» Assigned task
The required result is an exact copy of every line from the one with "謙虚に学び直し、失敗を認めて成長する姿勢 が、人々に共感される「なくてはならぬ」 サービスを生み出します。" through the last line below, with the pictures left out.

» Data
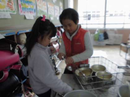 給食の片づけをしている時,「スプーンの向きがちがってるから。」と,気が付いた子どもたちがさっと直してくれていました。気付いたらすぐに行動に移せるなんて素敵なことですね。
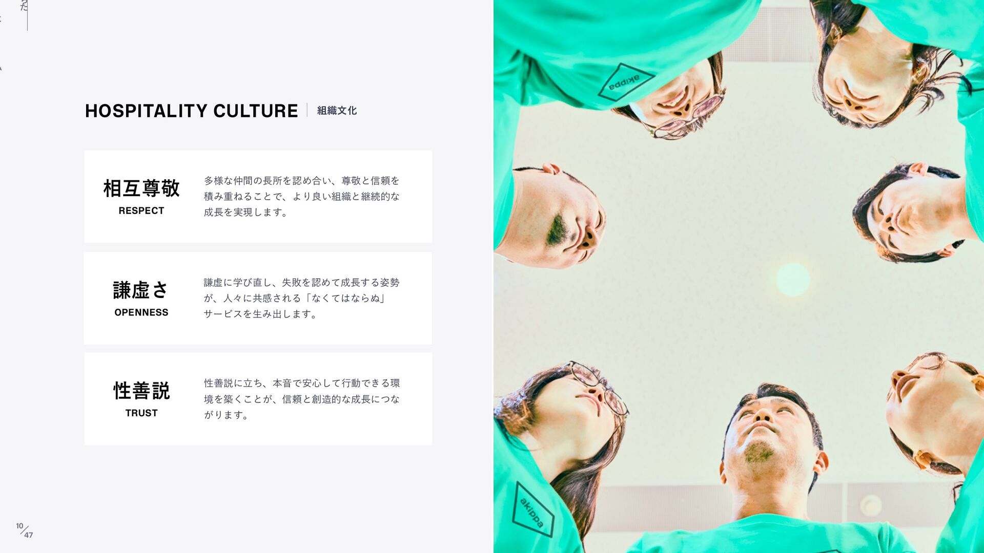 謙虚に学び直し、失敗を認めて成長する姿勢 が、人々に共感される「なくてはならぬ」 サービスを生み出します。 性善説 TRUST 性善説に立ち、本音で安心して行動できる環 境を築くことが、信頼と創造的な成長につな がります。 10 47 私 た ち に つ い て
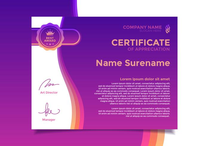 Appreciation Certificate Template Vector. Our certificate of appreciation templates have these basic components that can make customization of one not to be a hard task as you will only have to add a few more specific components. Our certificate of appreciation templates have been designed to cater for most of your concerns or needs.
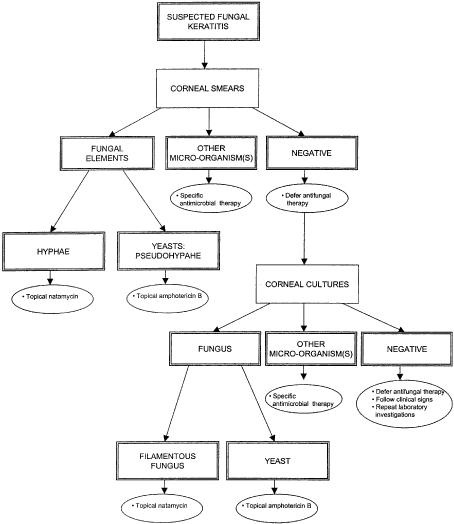 Fungal keratitis is caused by invasion of the cornea by filamentous fungi, yeasts, and dimorphic fungi. The steps in management of fungal keratitis are identical to other forms of infectious microbial keratitis: Make the clinical diagnosis, perform proper laboratory studies, initiate antimicrobial therapy, modify therapy, and terminate therapy. The purpose of this chapter is to provide guidelines for prompt recognition, laboratory diagnosis, and treatment of fungal keratitis.

» Solution to this task
 謙虚に学び直し、失敗を認めて成長する姿勢 が、人々に共感される「なくてはならぬ」 サービスを生み出します。 性善説 TRUST 性善説に立ち、本音で安心して行動できる環 境を築くことが、信頼と創造的な成長につな がります。 10 47 私 た ち に つ い て
 Appreciation Certificate Template Vector. Our certificate of appreciation templates have these basic components that can make customization of one not to be a hard task as you will only have to add a few more specific components. Our certificate of appreciation templates have been designed to cater for most of your concerns or needs.
 Fungal keratitis is caused by invasion of the cornea by filamentous fungi, yeasts, and dimorphic fungi. The steps in management of fungal keratitis are identical to other forms of infectious microbial keratitis: Make the clinical diagnosis, perform proper laboratory studies, initiate antimicrobial therapy, modify therapy, and terminate therapy. The purpose of this chapter is to provide guidelines for prompt recognition, laboratory diagnosis, and treatment of fungal keratitis.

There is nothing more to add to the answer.